Records drawn from a dataset
* * *
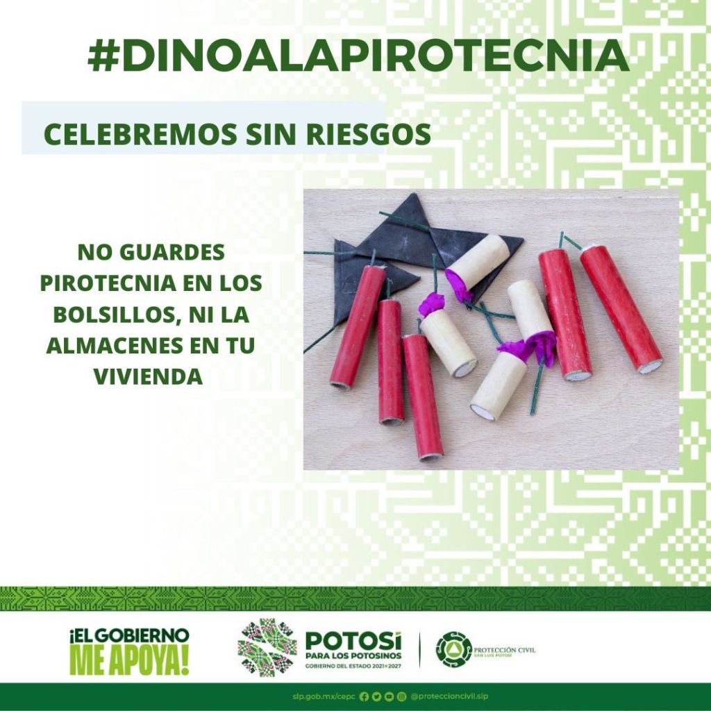 Por instrucción del Gobernador del Estado, Ricardo Gallardo Cardona, solicitó a madres y padres de familia evitar que menores de edad detonen artefactos de este tipo, usar encendedores de mecha larga, colocar el cohete en el suelo y nunca en la mano, no arrojarlos cerca de autos, personas o animales, no arrojarlos dentro de lotes baldíos o lugares con maleza con el fin de evitar incendios urbanos.
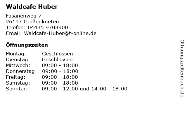 | Öffnungszeiten Waldcafe Huber in Großenkneten anzeigen | |
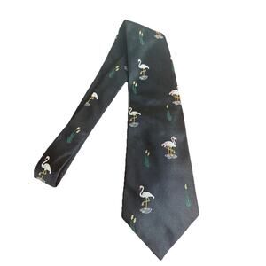 Black or dark gray tie with flamingos - Single Flamingo with cattails.
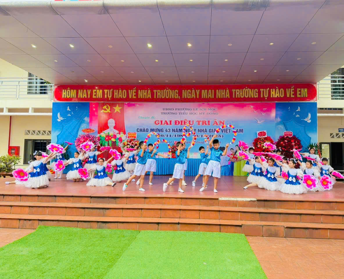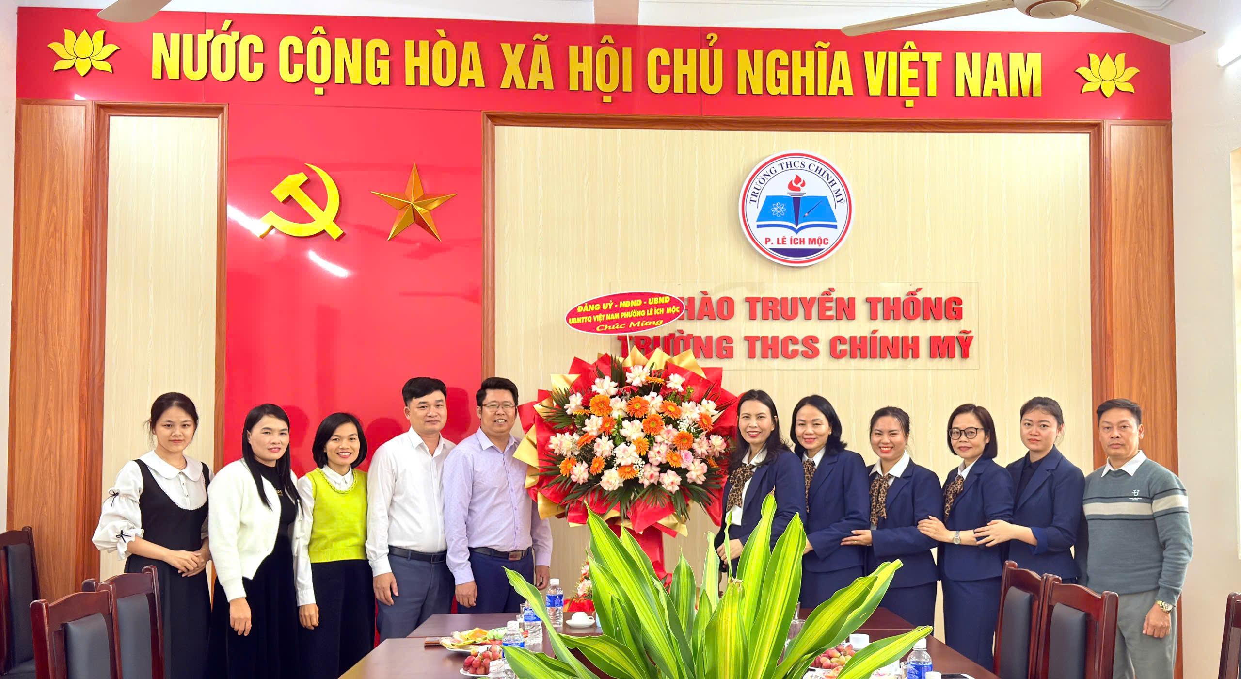 Đồng chí Trịnh Quang Trường - Bí thư Đảng ủy, Chủ tịch HĐND phường tặng hoa chúc mừng các thầy cô giáo trường Tiểu học Chính MỹTrong không khí ấm áp, trang trọng của ngày tri ân, các đoàn công tác do lãnh đạo Đảng uỷ, HĐND, UBND, Ủy ban MTTQ Việt Nam phường làm trưởng đoàn đã trực tiếp đến từng nhà trường, trao tặng những bó hoa tươi thắm và gửi lời chúc mừng tốt đẹp nhất đến toàn thể cán bộ quản lý, giáo viên và nhân viên. Đây không chỉ là lời chúc mừng, mà còn là sự ghi nhận, tôn vinh những cống hiến bền bỉ, sự tận tâm và trách nhiệm của các thầy cô trong suốt thời gian qua.
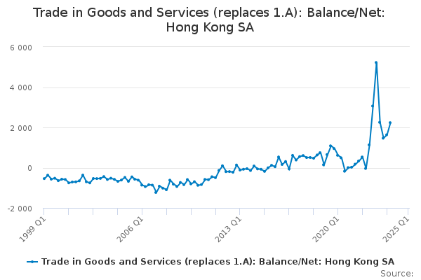 Download this time seriesTrade in Goods and Services (replaces 1.A): Balance/Net: Hong Kong SA
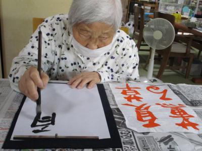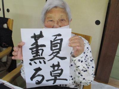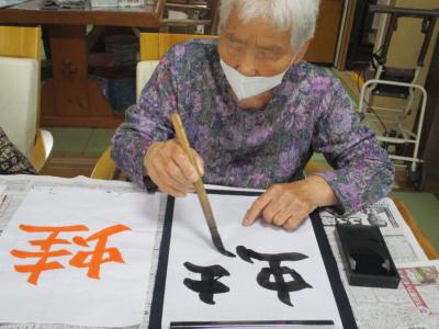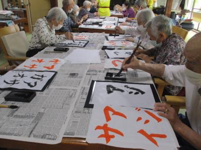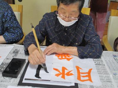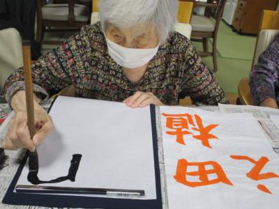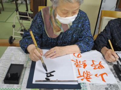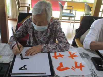 月一恒例の書道の時間は父と母に自信と達成感を味わっていただけた時間となりました
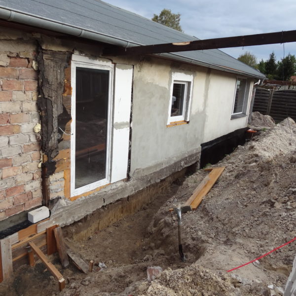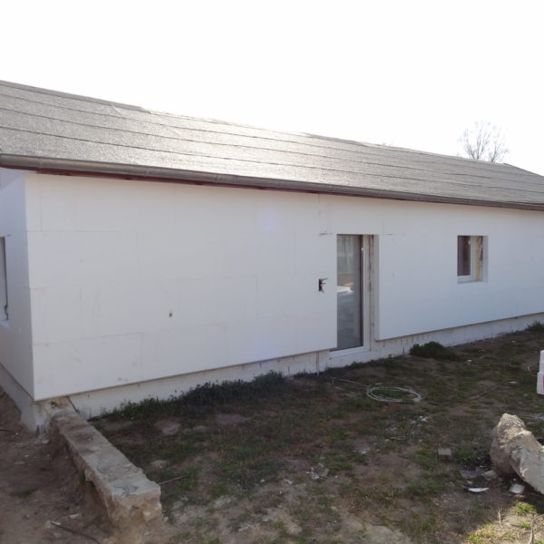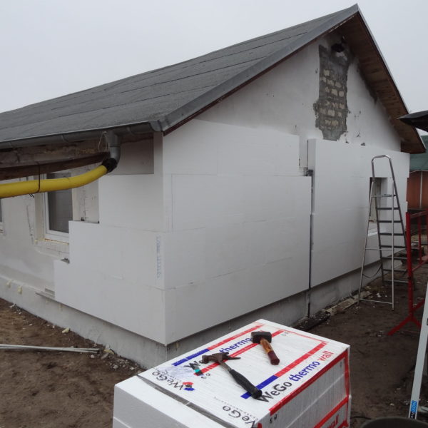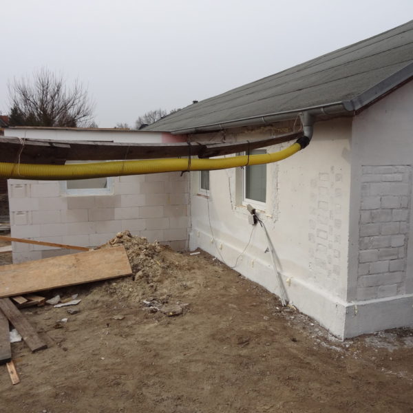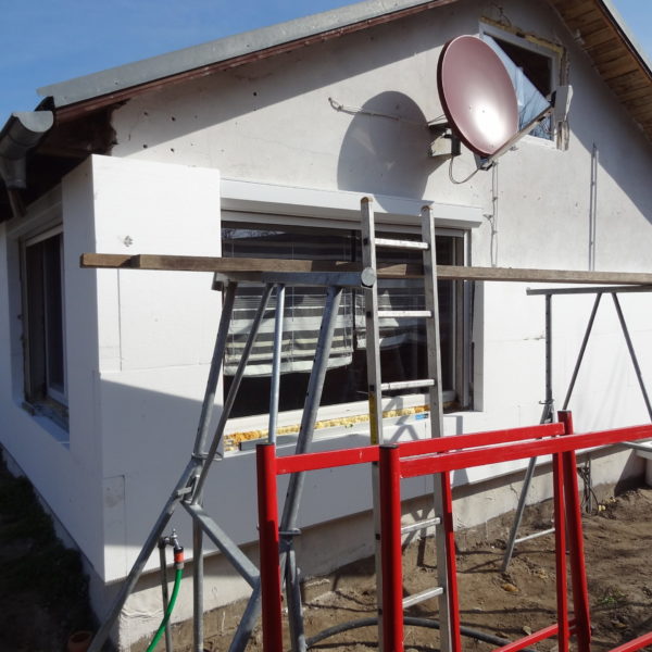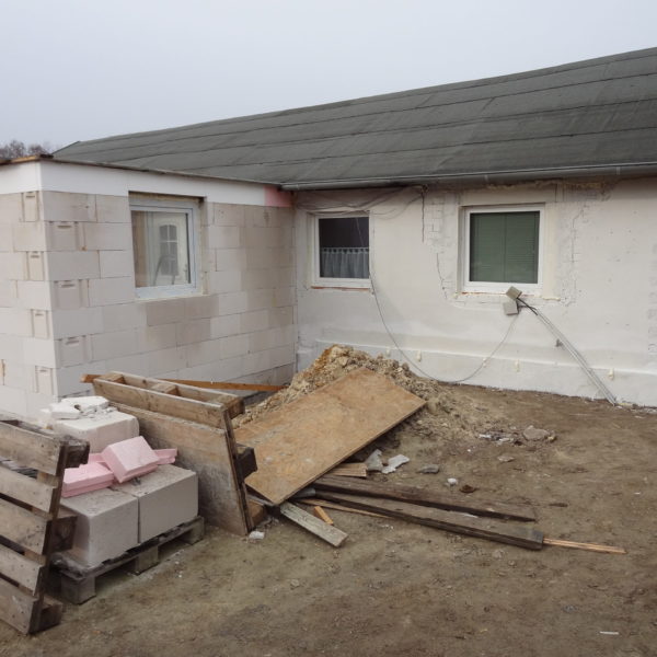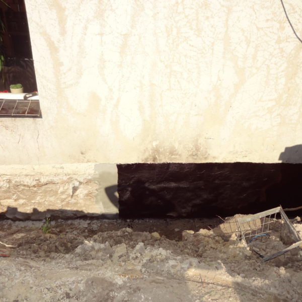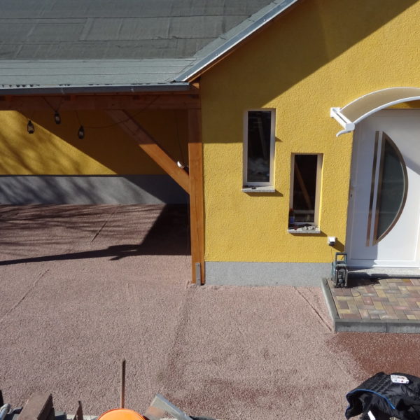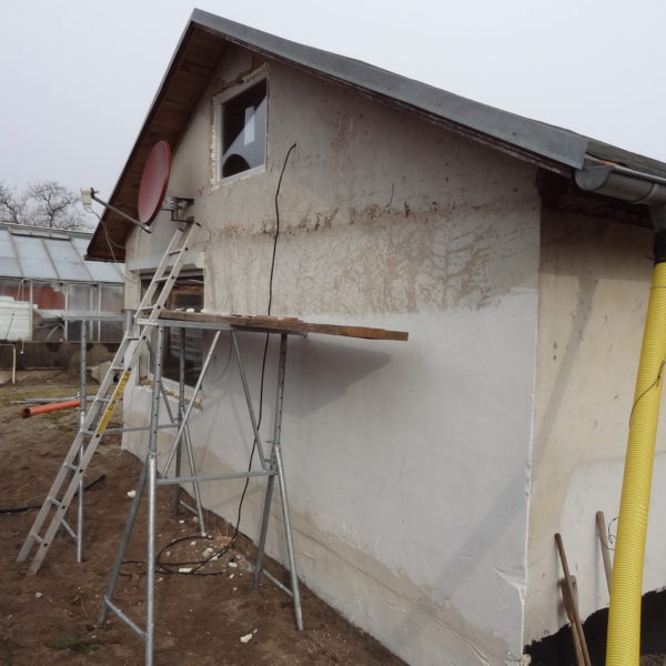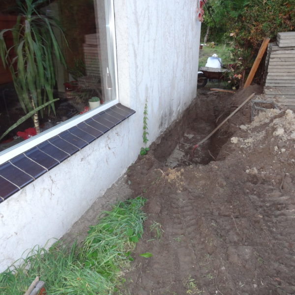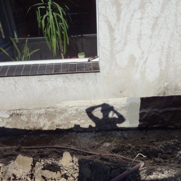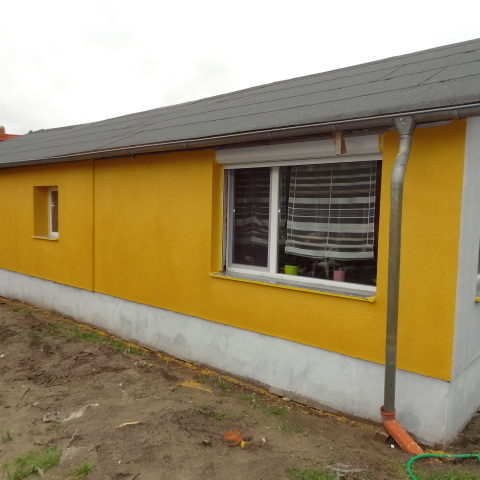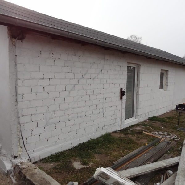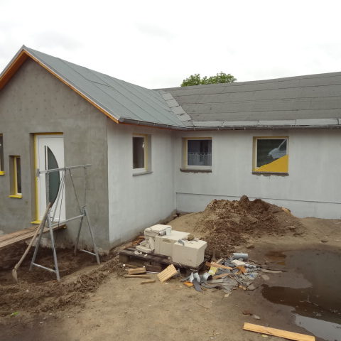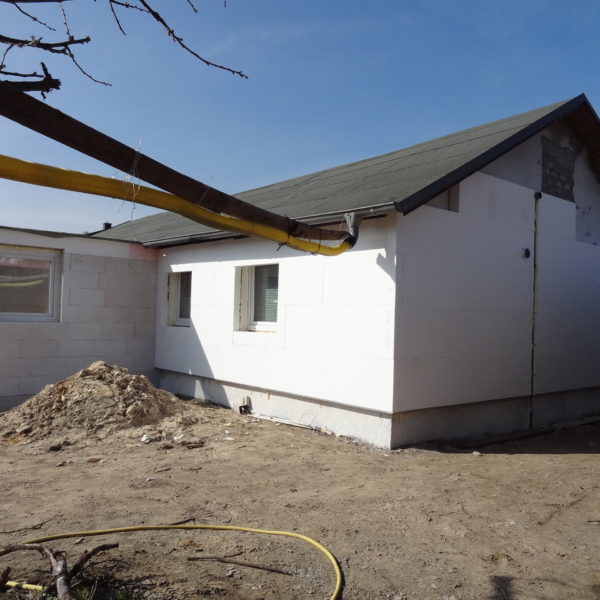 Angefallene Arbeiten: Haus isolieren mit Bitumen Eingangsbereich mauern Eingangsbereich Dach setzen Haus dämmen Haus außen verputzen Haus streichen Kieselbett um das Haus anlegen Außenanlage pflastern Eingangsbereich Absatz setzen Project navigationNextNext project:Außenanlage pflastern
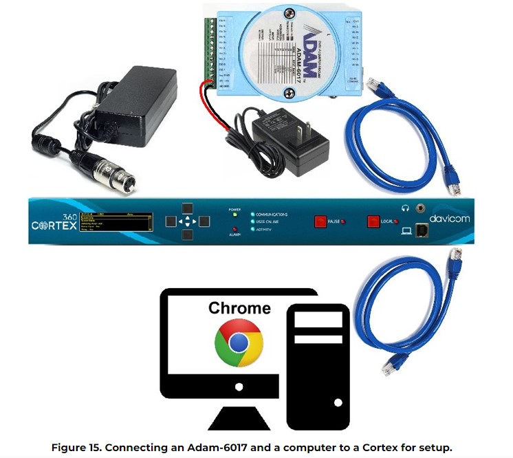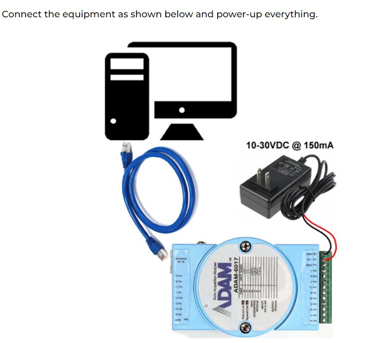 Connecting an Adam-6017 and a computer to a Cortex for setup
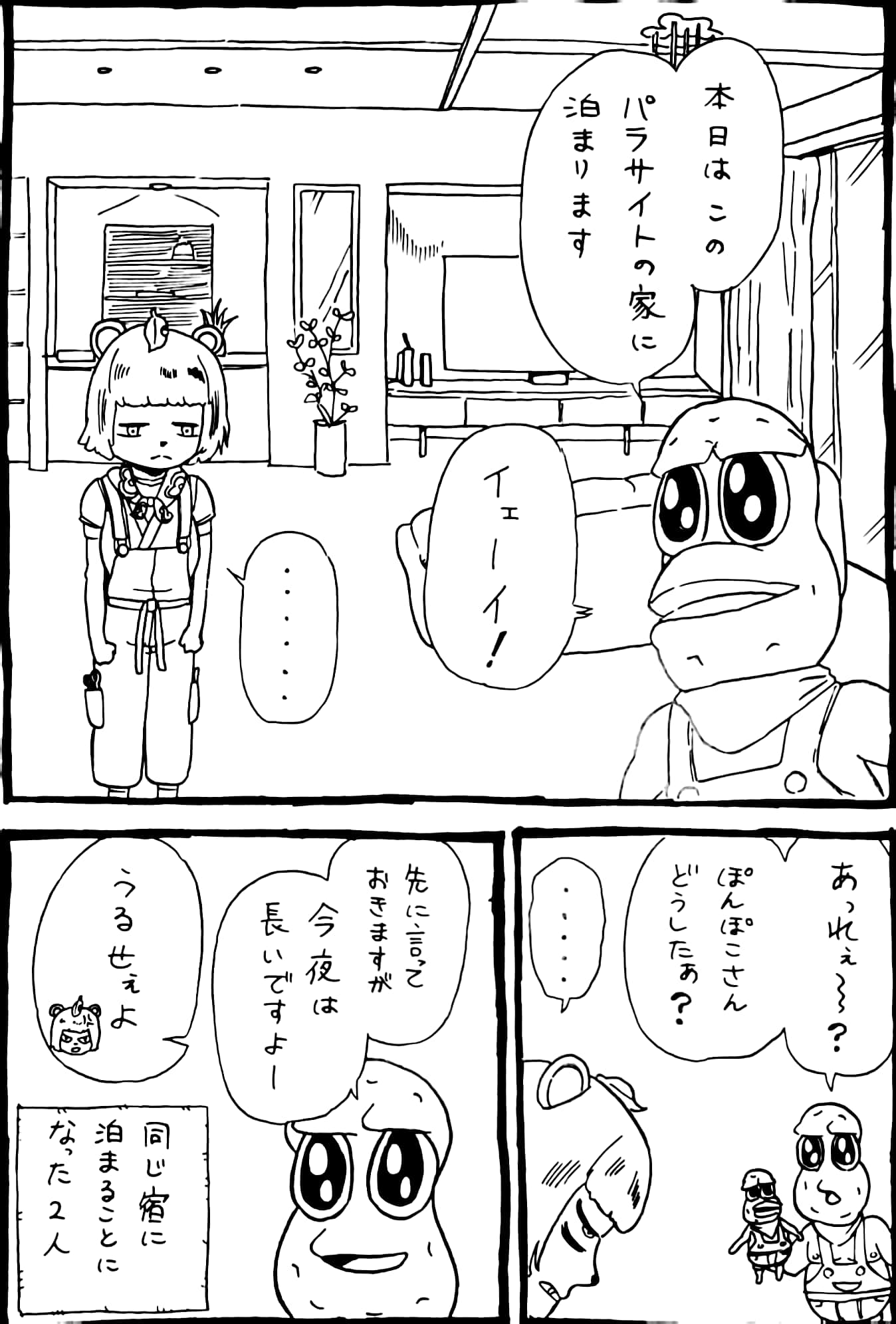 同じ宿に泊まったピーナッツくんとぽんぽこさん漫画 #オシャレになりたいピーナッツくん #ぽこあーと
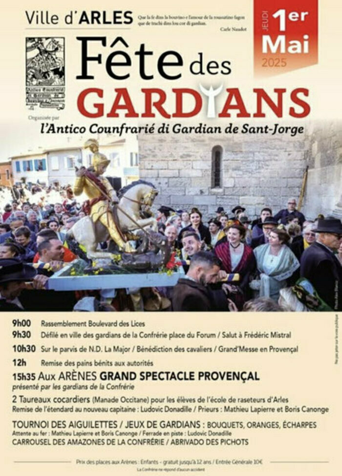 Défilé des gardians dans la ville se rendant à l’église de la Major assister à la messe. L’après-midi, gardians, arlésiennes et mireilles se retrouvent aux arènes d’Arles pour les jeux gardians où chacun tentera de prouver son courage et son habilité lors de différentes épreuves à cheval.
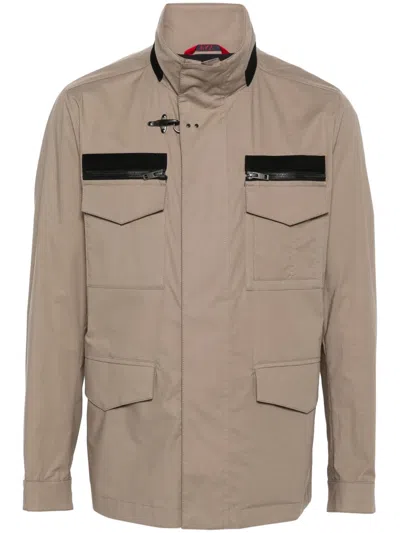 栗棕色 府绸质感 防水 罗缎边饰 立领 摁扣袖口长袖 两个正面拉链口袋 四个正面盖袋 无衬里 平直下摆 正面饰有拉链开合 摁扣 钩扣
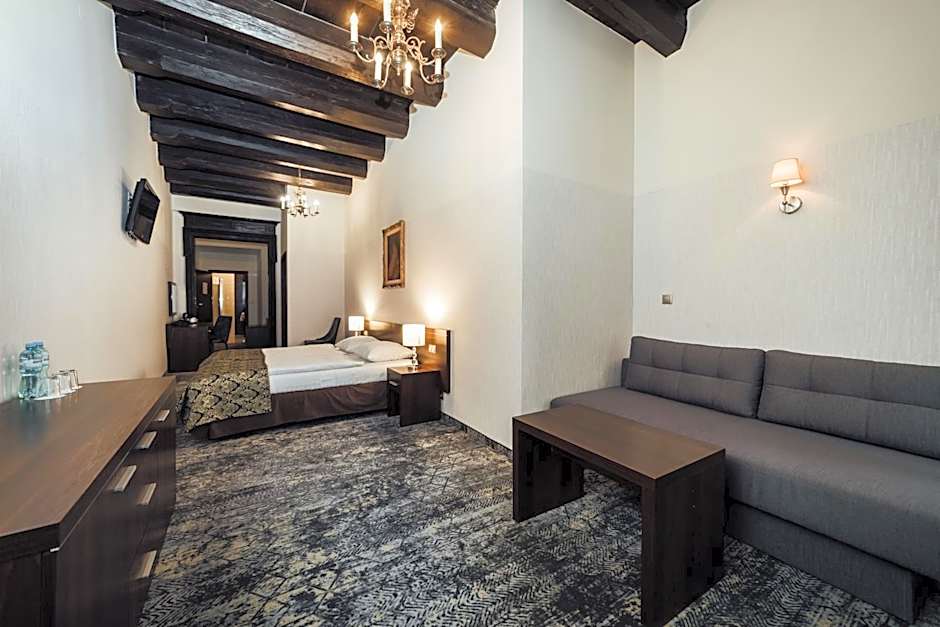 A room offering a bedroom and a living room or one, extra spacious room with historic fresco. Most have a elevator access. There is a flat-screen TV, a telephone, safety deposit box and tea/coffee making facilities. There might not be access to the elevator.
* * *
(Exercise details):
Would you set down the records above once more, exactly, with the pictures removed?

(Result of the exercise):
 Por instrucción del Gobernador del Estado, Ricardo Gallardo Cardona, solicitó a madres y padres de familia evitar que menores de edad detonen artefactos de este tipo, usar encendedores de mecha larga, colocar el cohete en el suelo y nunca en la mano, no arrojarlos cerca de autos, personas o animales, no arrojarlos dentro de lotes baldíos o lugares con maleza con el fin de evitar incendios urbanos.
 | Öffnungszeiten Waldcafe Huber in Großenkneten anzeigen | |
 Black or dark gray tie with flamingos - Single Flamingo with cattails.
 Đồng chí Trịnh Quang Trường - Bí thư Đảng ủy, Chủ tịch HĐND phường tặng hoa chúc mừng các thầy cô giáo trường Tiểu học Chính MỹTrong không khí ấm áp, trang trọng của ngày tri ân, các đoàn công tác do lãnh đạo Đảng uỷ, HĐND, UBND, Ủy ban MTTQ Việt Nam phường làm trưởng đoàn đã trực tiếp đến từng nhà trường, trao tặng những bó hoa tươi thắm và gửi lời chúc mừng tốt đẹp nhất đến toàn thể cán bộ quản lý, giáo viên và nhân viên. Đây không chỉ là lời chúc mừng, mà còn là sự ghi nhận, tôn vinh những cống hiến bền bỉ, sự tận tâm và trách nhiệm của các thầy cô trong suốt thời gian qua.
 Download this time seriesTrade in Goods and Services (replaces 1.A): Balance/Net: Hong Kong SA
 月一恒例の書道の時間は父と母に自信と達成感を味わっていただけた時間となりました
 Angefallene Arbeiten: Haus isolieren mit Bitumen Eingangsbereich mauern Eingangsbereich Dach setzen Haus dämmen Haus außen verputzen Haus streichen Kieselbett um das Haus anlegen Außenanlage pflastern Eingangsbereich Absatz setzen Project navigationNextNext project:Außenanlage pflastern
 Connecting an Adam-6017 and a computer to a Cortex for setup
 同じ宿に泊まったピーナッツくんとぽんぽこさん漫画 #オシャレになりたいピーナッツくん #ぽこあーと
 Défilé des gardians dans la ville se rendant à l’église de la Major assister à la messe. L’après-midi, gardians, arlésiennes et mireilles se retrouvent aux arènes d’Arles pour les jeux gardians où chacun tentera de prouver son courage et son habilité lors de différentes épreuves à cheval.
 栗棕色 府绸质感 防水 罗缎边饰 立领 摁扣袖口长袖 两个正面拉链口袋 四个正面盖袋 无衬里 平直下摆 正面饰有拉链开合 摁扣 钩扣
 A room offering a bedroom and a living room or one, extra spacious room with historic fresco. Most have a elevator access. There is a flat-screen TV, a telephone, safety deposit box and tea/coffee making facilities. There might not be access to the elevator.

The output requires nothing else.